Given the tremendous market opportunity, I was immediately drawn to Resolve’s deep roots in automation. Drawing on my 20 years of experience with a wide range of tech companies, I am incredibly excited about the possibility for automation and AIOps to truly transform IT operations. These technologies are game changers for companies — not just to survive, but to thrive in the current environment. As we’ve seen over the last few months as digital transformation has rapidly accelerated, automation is absolutely necessary to succeed. Resolve is uniquely positioned to meet these needs and usher in the next generation of IT operations.
How would you best describe what Resolve offers IT companies?

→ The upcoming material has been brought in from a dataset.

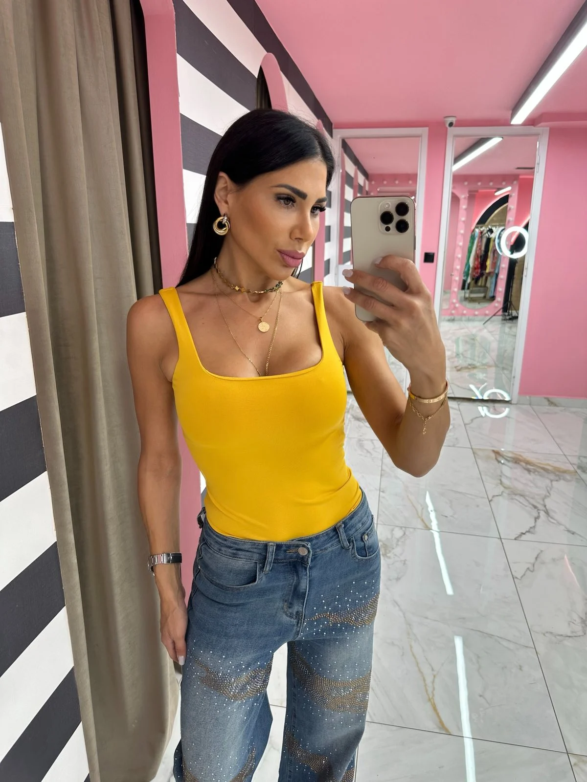 Κίτρινο top με τετράγωνη λαιμόκοψη και εσωτερικό λάστιχο στο στήθος για σταθερότητα και κράτημα. Άνετο και στυλάτο για κάθε περίσταση.

By combining cutting-edge AIOps capabilities with our industry-leading automation platform, Resolve helps IT teams achieve more agile, autonomous IT operations even as infrastructure continues to expand in scope and complexity. Our unified product offers a closed loop of discovery, analysis, detection, prediction, and automation, including prebuilt automations that can be autonomously triggered by AIOps insights to stay ahead of problems and lighten the load on IT organizations.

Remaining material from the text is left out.